Don't want to take away from the expirments to get those crazy finishing times, it is cool to see how far some of you can get down the number of turns to fire of to space.
As you don't follow the HoF rules for rolling the maps, do you reload and replay in order to try out different paths or do you play each attempt in one go?

For someone who picked up the game again after servaral years of hibernation I am just curious but what would will you be able to produce in terms of finishing turn for a good, but not amazing start (Deity, Standard, Pangea)?
I guess the HoF sumbission could give me some indication but I assume those are sort of selected based on getting a legendary start.
 
Your 9-city by T20 start is phenomenal, I was not able to match that despite several attempts at the early game.

To do that, you've gotta pop a lot of ruins by settling cities, to cycle back around to settlers faster. I popped 4 with my first four cities.

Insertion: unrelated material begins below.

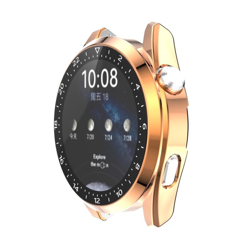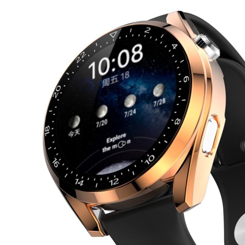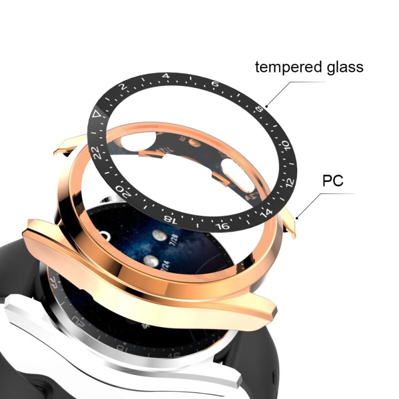 For Huawei Watch 3 Pro Scale Electroplated PC + Tempered Glass Watch Case(Rose Gold)

Thanks for all that detail @T-hawk! Where do units within a certain distance (say, a melee unit within 5 hexes) but not within range figure into the calculations?

There's no such thing. Within range means within the stated distance per map size. If your unit is within that number of tiles, it counts.

As you don't follow the HoF rules for rolling the maps, do you reload and replay in order to try out different paths or do you play each attempt in one go?

Blatc will replay a map from the start. I mostly don't go back more than a few turns, and usually only if I made some serious mistake like research order.

For someone who picked up the game again after servaral years of hibernation I am just curious but what would will you be able to produce in terms of finishing turn for a good, but not amazing start (Deity, Standard, Pangea)?

Well, any win on Deity is a good one. I've never tried for speed above Emperor. I do know one key is to use spies to steal as many techs as you can.